------ Data for processing

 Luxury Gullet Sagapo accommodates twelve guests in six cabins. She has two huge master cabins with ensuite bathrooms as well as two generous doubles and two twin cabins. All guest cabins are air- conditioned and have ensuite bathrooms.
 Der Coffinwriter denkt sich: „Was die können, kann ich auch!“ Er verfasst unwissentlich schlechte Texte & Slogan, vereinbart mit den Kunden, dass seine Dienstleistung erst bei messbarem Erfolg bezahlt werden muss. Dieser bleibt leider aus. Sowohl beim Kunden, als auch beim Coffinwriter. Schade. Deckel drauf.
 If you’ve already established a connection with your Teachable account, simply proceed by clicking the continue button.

------------
------ Data for processing

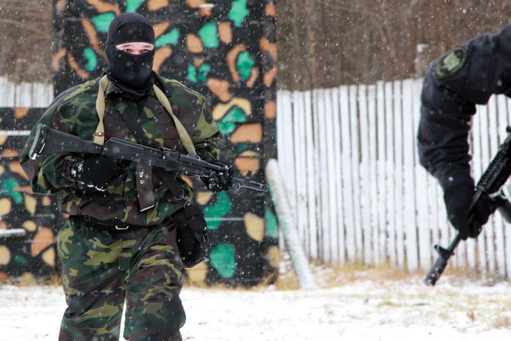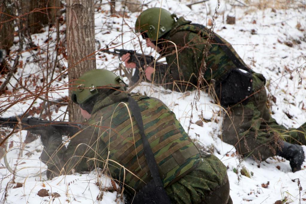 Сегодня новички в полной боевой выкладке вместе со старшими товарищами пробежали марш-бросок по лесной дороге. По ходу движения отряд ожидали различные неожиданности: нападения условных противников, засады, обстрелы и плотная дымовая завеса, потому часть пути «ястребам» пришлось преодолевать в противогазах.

------------

Exercise requirements: Out of the preceding entries, pull every line containing the string "with".

Exercise result:
 Luxury Gullet Sagapo accommodates twelve guests in six cabins. She has two huge master cabins with ensuite bathrooms as well as two generous doubles and two twin cabins. All guest cabins are air- conditioned and have ensuite bathrooms.
 If you’ve already established a connection with your Teachable account, simply proceed by clicking the continue button.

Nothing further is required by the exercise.